Brazil’s armed forces have been put on high alert due to the recently discovered movement of military equipment and personnel in eastern Venezuela on the border with Guyana, and officials believe Venezuela could soon attack the small South American country.
Guyana Esequiba is a region of about 159,500 km2 west of the Essequibo River currently administered and controlled by Guyana, but claimed by Venezuela as part of its territory.
The roots of conflict
The dispute dates back to colonial times, when Spain and the Netherlands competed for control of the area. In 1814, the Netherlands ceded its colonies of Essequibo, Demerara and Berbice to Britain, which later united them into British Guiana.
Venezuela inherited Spain’s claim to the region after its independence in 1811, but Britain extended its control further west of the Essequibo River in the 19th century.
In 1895, Venezuela requested the help of the United States (U.S.) to resolve a border dispute with Britain, invoking the Monroe Doctrine, which declared the American continent inaccessible to European intervention.
The U.S. intervened and forced Britain to accept international arbitration over the entire disputed area. An arbitral tribunal, convened in Paris in 1898, awarded most of the territory to British Guiana in 1899. However, Venezuela later denounced the verdict as invalid, stating that the tribunal was biased and corrupted by British influence.
The dispute remained unresolved after Guyana gained independence from Britain in 1966. Venezuela has since maintained its claim to Guyana Essequibo, occasionally resorting to military and diplomatic pressure to assert its sovereignty over the region.
Venezuela also rejected the jurisdiction of the International Court of Justice (ICJ) to resolve the dispute and instead proposed bilateral negotiations with Guyana.
A region rich in natural resources
Guyana is rich in natural resources, such as oil, gas, gold, diamonds and timber, which has attracted the interest of both countries and foreign companies.
In recent years, Guyana has awarded exploration and production licenses to several multinational corporations, such as ExxonMobil, to exploit offshore oil and gas reserves in disputed waters.
Venezuela protested these activities and accused Guyana of violating its sovereignty and territorial integrity.
The tension between the two countries has escalated in the context of the political and economic crisis in Venezuela, which has led to the deterioration of its relations with its neighbors and the international community. Venezuela is accused of human rights violations, corruption, authoritarianism and interference in the internal affairs of other countries.
Venezuela has also faced several challenges to its legitimacy, such as the Venezuelan presidential crisis, which has resulted in the emergence of two rival governments: one led by Nicolás Maduro, who claims to be the constitutional president, and the other led by Juan Guaidó, who claims to be the interim president he recognizes more than 50 countries, including Brazil.
The role of Brazil
Brazil, as the largest and most influential country in South America, has played an important role in regional events and conflict resolution.
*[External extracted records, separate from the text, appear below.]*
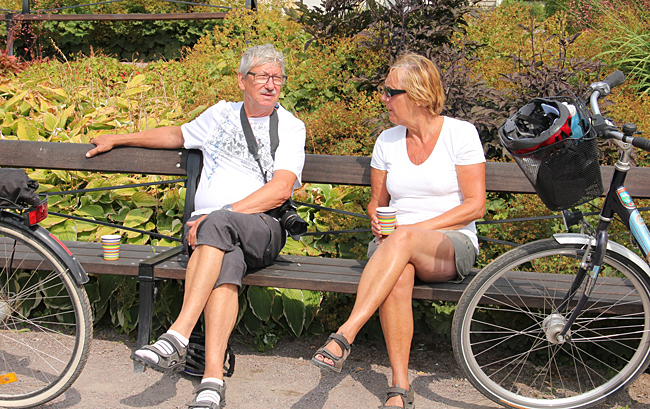 Denna dag den 5 augusti bjuder på regn vilket gör att vi får avvakta med cykelturen tills det hunnit bli kväll. Men då avtar regnet och vi trampar iväg den 17 kilometer långa vägen till Tåtorp och tillbaka, totalt 34 kilometer.
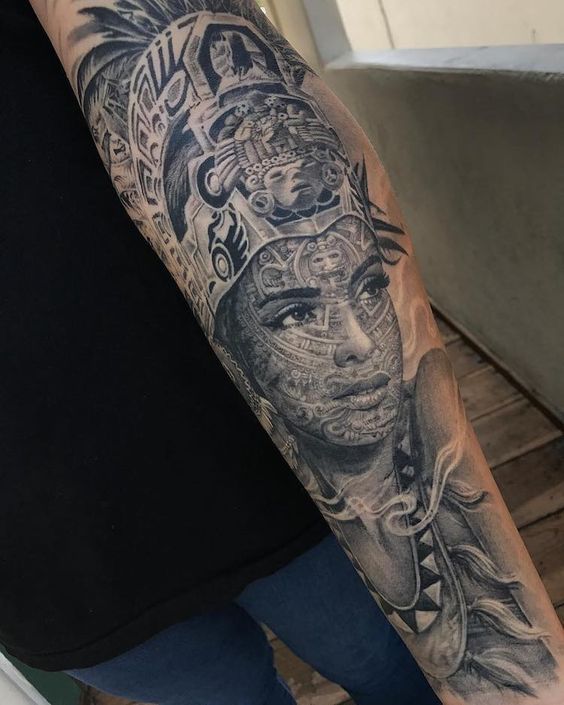 Moreover, Aztec warriors, known for their bravery and skill, are a common theme in intricate tattoos. These designs showcase their iconic armor and weapons. Similarly, the Aztec calendar, complex and detailed, makes for an awe-inspiring tattoo. It represents the passage of time and cosmic events.
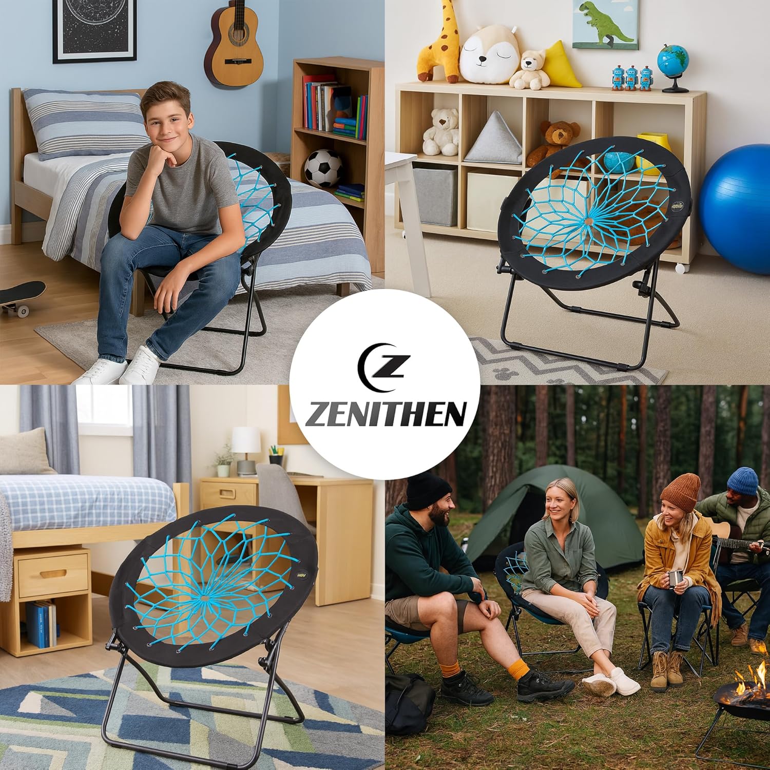 Bring flexibility and comfort anywhere with the Zenithen 29" Bunjo Bungee Chair in Teal. Designed for versatility, this folding circle chair is ideal for dorm rooms, teen bedrooms, game lounges, or even outdoor gatherings. Its breathable bungee cord webbing molds to your body for a soft yet supportive feel, making it perfect for lounging, gaming, or hanging out with friends. Built on a durable steel frame, it supports up to 225 lbs and folds down flat to just 2” in height. No tools or setup needed - just unfold and relax. When opened, this chair measures 29” x 20” x 32” (LxWxH) with a 18” seat height. Whether you need extra seating for a party, a comfy chair for your dorm, or a pop of color in your room, this portable Bunjo Chair is your go-to pick!
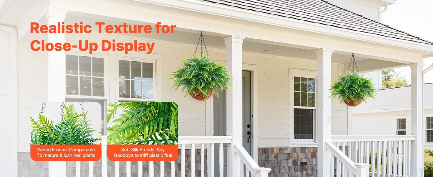 Naturally Realistic: These fake ferns feature silk fronds that mimic the soft touch and fine texture of real plants while helping resist fading. Weather-proof LDPE branches and reinforced carbon steel wire roots help maintain shape in wind and rain
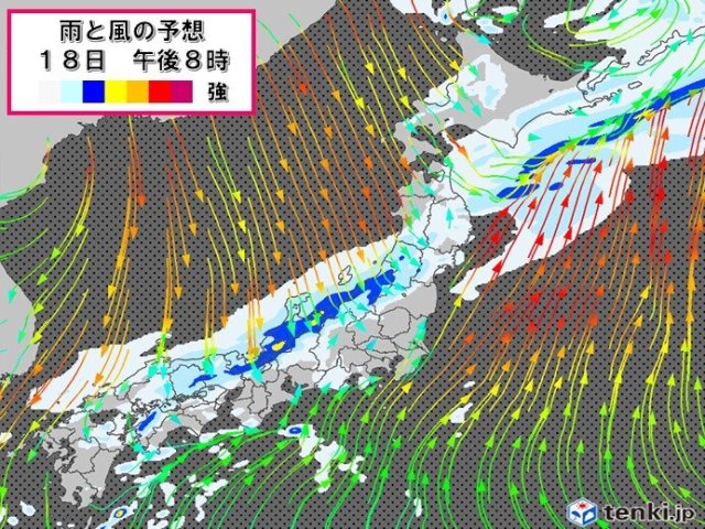 今日18日(土)は、前線と低気圧が日本列島を通過する見込みです。西日本から北日本の広い範囲で雨が降り、午後は局地的に激しい雨や雷雨になるでしょう。
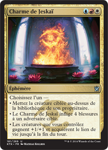 | Rules | Choose one — • Put target creature on top of its owner's library. • Jeskai Charm deals 4 damage to target opponent or planeswalker. • Creatures you control get +1/+1 and gain lifelink until end of turn. |
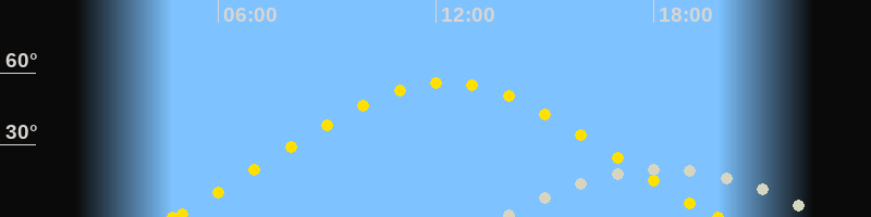 | Höchster Sonnenstand (Kulmination) | 12:16 Uhr (h = 56°) |

Throughout history, Brazil has maintained cordial and cooperative relations with Guyana and Venezuela, and has supported a peaceful and diplomatic solution to the dispute over Guyana Essequibo.
However, Brazil’s stance has changed significantly under the presidency of Jair Bolsonaro, who has taken a more confrontational and ideological stance against Venezuela and its allies.
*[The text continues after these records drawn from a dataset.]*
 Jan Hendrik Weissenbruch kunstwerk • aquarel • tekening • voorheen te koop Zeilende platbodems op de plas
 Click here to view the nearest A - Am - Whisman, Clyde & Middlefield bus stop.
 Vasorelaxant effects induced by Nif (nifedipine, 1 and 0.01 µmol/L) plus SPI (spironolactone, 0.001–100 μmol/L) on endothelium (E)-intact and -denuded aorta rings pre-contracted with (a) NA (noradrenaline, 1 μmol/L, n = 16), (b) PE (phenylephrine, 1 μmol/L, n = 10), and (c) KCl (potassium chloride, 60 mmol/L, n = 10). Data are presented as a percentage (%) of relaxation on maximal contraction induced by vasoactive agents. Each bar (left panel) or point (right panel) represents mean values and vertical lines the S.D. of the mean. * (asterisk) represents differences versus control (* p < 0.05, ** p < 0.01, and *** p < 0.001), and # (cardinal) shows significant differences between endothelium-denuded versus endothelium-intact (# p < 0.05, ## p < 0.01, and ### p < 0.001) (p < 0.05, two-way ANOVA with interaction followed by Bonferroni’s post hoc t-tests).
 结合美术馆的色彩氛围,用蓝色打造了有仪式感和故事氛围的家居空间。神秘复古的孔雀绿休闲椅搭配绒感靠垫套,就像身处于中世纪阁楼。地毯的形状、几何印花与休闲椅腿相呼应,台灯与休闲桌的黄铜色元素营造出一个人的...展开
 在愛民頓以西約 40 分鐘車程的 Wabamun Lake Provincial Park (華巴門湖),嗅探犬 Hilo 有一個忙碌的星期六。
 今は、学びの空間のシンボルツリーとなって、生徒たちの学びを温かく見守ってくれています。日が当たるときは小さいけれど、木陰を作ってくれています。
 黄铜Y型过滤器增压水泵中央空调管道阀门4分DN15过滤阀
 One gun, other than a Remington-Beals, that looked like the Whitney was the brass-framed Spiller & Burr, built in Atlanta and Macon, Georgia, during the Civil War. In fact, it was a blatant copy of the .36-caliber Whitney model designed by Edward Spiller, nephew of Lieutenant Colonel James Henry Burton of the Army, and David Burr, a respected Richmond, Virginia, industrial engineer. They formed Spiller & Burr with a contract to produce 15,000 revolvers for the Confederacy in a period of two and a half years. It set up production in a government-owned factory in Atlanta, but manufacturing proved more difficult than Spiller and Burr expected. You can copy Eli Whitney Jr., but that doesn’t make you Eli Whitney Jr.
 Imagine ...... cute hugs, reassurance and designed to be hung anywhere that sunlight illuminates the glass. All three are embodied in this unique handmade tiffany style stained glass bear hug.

Bolsonaro aligned himself with the U.S. and other countries that recognize Guaidó as the legitimate president of Venezuela and condemned Maduro as a dictator and a threat to regional stability and democracy. Bolsonaro also expressed support for Guyana’s sovereignty and territorial integrity and criticized Venezuela’s claims and actions as aggressive and illegitimate.
According to some reports, the Brazilian armed forces have been put on high alert due to the significant movement of military equipment and personnel in eastern Venezuela on the border with Guyana, which was recently revealed by satellite images and intelligence sources.
Some officials believe Venezuela may soon invade the small South American country to annex the Guayana Esequiba region, which makes up more than 60 percent of the country’s territory and is claimed by the Venezuelan government.
If this scenario materializes, it could trigger a major regional conflict involving not only Guyana and Venezuela but also Brazil and other neighboring countries, as well as the U.S. and other international actors, Klix.ba reports.